The way the plugin is plugin is written it does a couple searches against the web server based on each book format, as that was the only way I could find to prioritize ebooks over audio books. It stops on the first successful match.

Anyway the net is that metadata download for a single book caused 74 searches against the web server, and only stopped at 74 because I haven't gotten around to cleansing titles and the final variation wasn't considered a string. Over the course of those 74 queries a number of cover URLs were found, but it kept on going. This was even with a number of successful cache lookup matches to xisbn eliminating some queries. There appeared to be some looping going on here that I didn't fully understand, as I saw the same author/title combo going to the server many times.

Anyway I'm thinking if the ISBN isn't configured perhaps only the first closest match ISBN should be used, and I don't think title variations should be attempted unless perhaps the first title didn't return a cover.

Willing to dig into tuning some of this myself, but I don't know that much about the core of the metadata download code, so some guidance would be helpful.

When an ISBN was pre-set before downloading the cover everything was quite well behaved, functioning exactly as expected.

ldolse · 03-01-2011, 04:32 AM

Further along this same thread - the ISBN I configured for the book is the ISBN for the epub edition I saw in the Overdrive metadata.

That worked well for covers, but didn't work for other metadata types.

Apparently this ISBN doesn't exist in either Google/ISBNDB, and due to that fact Calibre immediately came back with 'No matches found for this book' instead of attempting to query the other metadata providers that are configured.

kiwidude · 03-01-2011, 04:46 AM

Maybe Kovid has changed things in the last few weeks but one of the limitations I found for my Goodreads covers download is that you can *only* download covers for books with an ISBN. It is hard-baked into a number of places in the Calibre code that if the book has no ISBN then you are out of luck. I reported this as a ticket here and Kovid said it would be addressed as part of the new API.

ldolse · 03-01-2011, 05:27 AM

Quote:

Originally Posted by kiwidude

Maybe Kovid has changed things in the last few weeks but one of the limitations I found for my Goodreads covers download is that you can *only* download covers for books with an ISBN. It is hard-baked into a number of places in the Calibre code that if the book has no ISBN then you are out of luck. I reported this as a ticket here and Kovid said it would be addressed as part of the new API.

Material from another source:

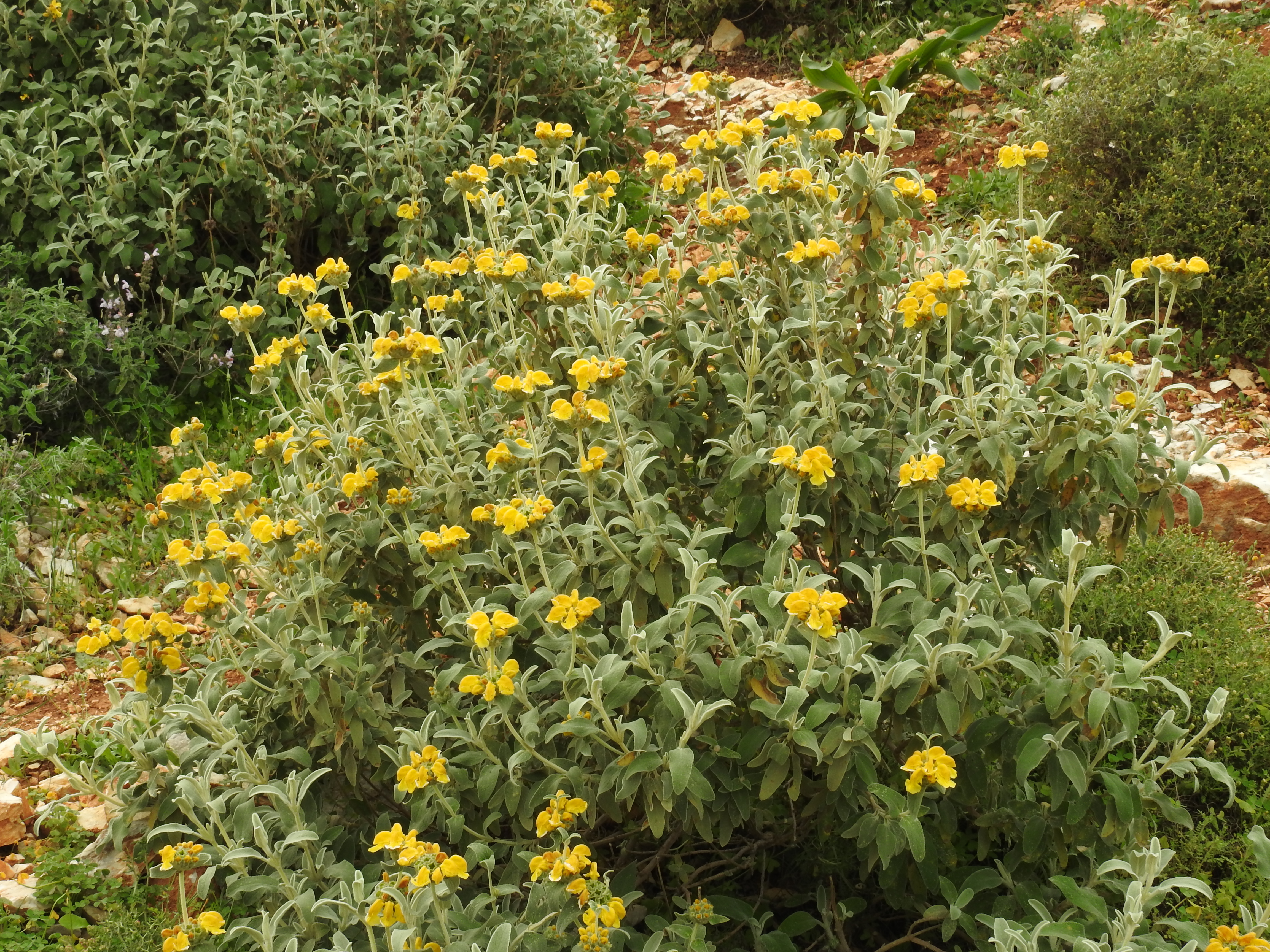 Jerusalem sage (Phlomis fruticosa) near Damasta, Crete, Greece

Well it definitely didn't seem to want to download covers without an ISBN, though the Overdrive plugin doesn't use ISBN. However it was retrieving ISBN data beforehand from google/isbndb before attempting cover retrieval. The problem was that instead of picking the first/best ISBN from ISBNDB/Google it seemed to be searching for all of the covers at once, and was also over-writing the title in every case.

The difference I'm seeing for covers vs. metadata providers is it's not checking the validity of the ISBN before cover download, but for metadata it will only proceed to get metadata after confirming the ISBN is in Google's or ISBNDB's databases.

Now that I think about I have a hunch that this is because three interfaces are sharing the same code - bulk download, download cover button, and 'Fetch Metadata' button - the fetch metadata button checks each ISBN to see if a cover exists so it can display that info to the user - I suspect it's that bit that doesn't play well with the overdrive plugin.

kovidgoyal · 03-01-2011, 09:53 AM

There are three stages to the metadata download process:

1) An identify stage: this uses isbndb and google books to get the book isbn from title/author or get the title/author from the isbn. This also queries the cover download plugins has_cover method

2) Social metadata download: This downloads tags/rating/comments/series based on the isbn from step 1

3) cover download. picks the first cover returned by the cover download plugins based on the metadata discovered so far. All builting cover download plugins use isbn.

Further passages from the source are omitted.